Geoffrey Hinton: Society Is Unprepared For AI’s Economic Disruption

Family holding hands while walking through park with digital AI graphics floating around them

While AI reshapes careers and economies at lightning speed, what matters most is how we protect childhood wonder amid this transformation. Imagine if we approached technology like we plan our family adventures—what tools would prepare our kids without crushing their joy?

The Joy of Everyday Moments

Father and daughter laughing while painting together at kitchen table

Traditional economic thinking often overlooks the tiny miracles happening right at our kitchen tables while it’s busy predicting AI-driven job losses. Take that afternoon finger-painting session, for instance. How might such creative exploration build future-ready minds better than any algorithm?

Our kids already navigate changes faster than we ever did—just look at our 7-year-old, adapting seamlessly between playground rules and tablet games—she’s got more flexibility than most CEOs! Cherishing these small triumphs becomes our secret parenting superpower.

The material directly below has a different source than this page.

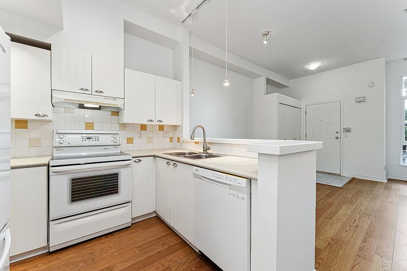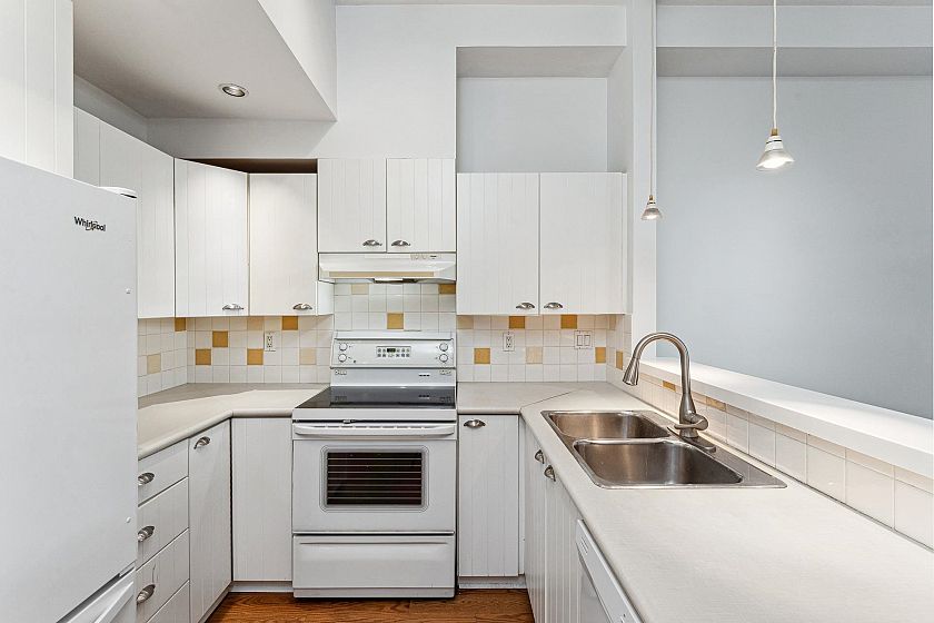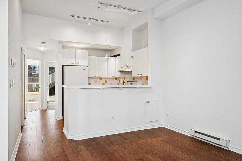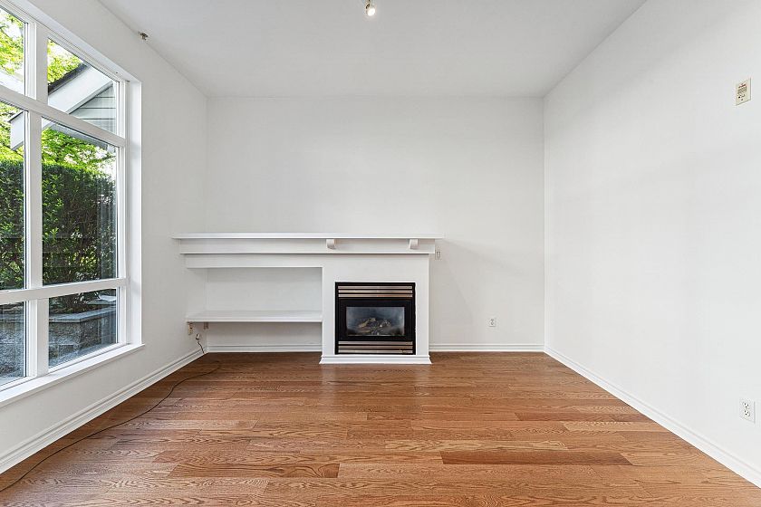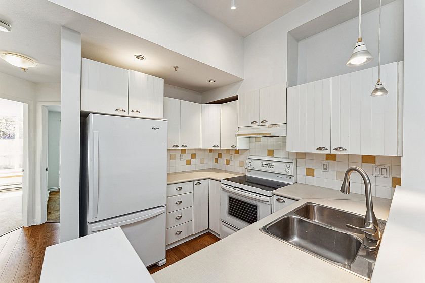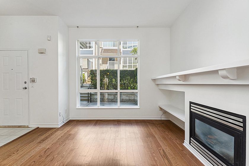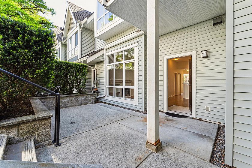 Garden-level townhome in the heart of family-friendly Lynn Valley. This bright & spacious 2-bed, 1-bath home offers 800+ sq/ft of single-level living w/great indoor-outdoor flow. Large windows fill the space w/ natural light, & the open-plan living/dining area feats hardwood floors, gas fireplace & vaulted ceilings for added volume. The adjacent kitchen is clean & functional w/ white cabinets, matching white appliances & great storage. The spacious primary has window bench seating, a walk-through closet & access to a shared 5-pc bath. Fresh paint & carpets! Enjoy morning and evening sun from two generous patios, perfect for lounging, dining, or gardening. Tucked into a well managed complex, just steps from Lynn Valley Centre, Kirkstone Park, Karen Magnussen Rec Centre, & desirable schools.

The greatest disruption isn’t technological—it’s failing to nurture human connection when machines dominate workflows.

Building Bridges with Technology

Mother and child interacting with educational AI device with rainbow graphics

When experts warn about AI-fueled inequality, they overlook how households blending cultural wisdom and tech fluency can thrive. It’s that mix of Korean perseverance and Canadian curiosity that I see in her every day. It’s the perfect blueprint for thriving in uncertainty.

Could bedtime stories about innovators who changed the world become our most potent economic armor? We celebrate inventors like Hinton not just for technical brilliance but for showing how human creativity always outpaces machines when properly nurtured.

Navigating Challenges Together

Parents and child solving puzzle game on tablet with neighborhood friends

Economic forecasts feel abstract until you realize every job displacement statistic represents someone’s soccer coach or piano teacher. But what if we shifted our focus from these abstract numbers to the people and communities right around us? What if community became our most valuable algorithm—one that no AI can replicate?

Creating neighborhood skill-sharing networks teaches children profound economic truths: value exists in relationships, not just productivity. Those short walks to school become economic laboratories where kids observe localized resilience firsthand. So, let’s make those short walks to school not just a routine, but a journey of discovery and resilience, together.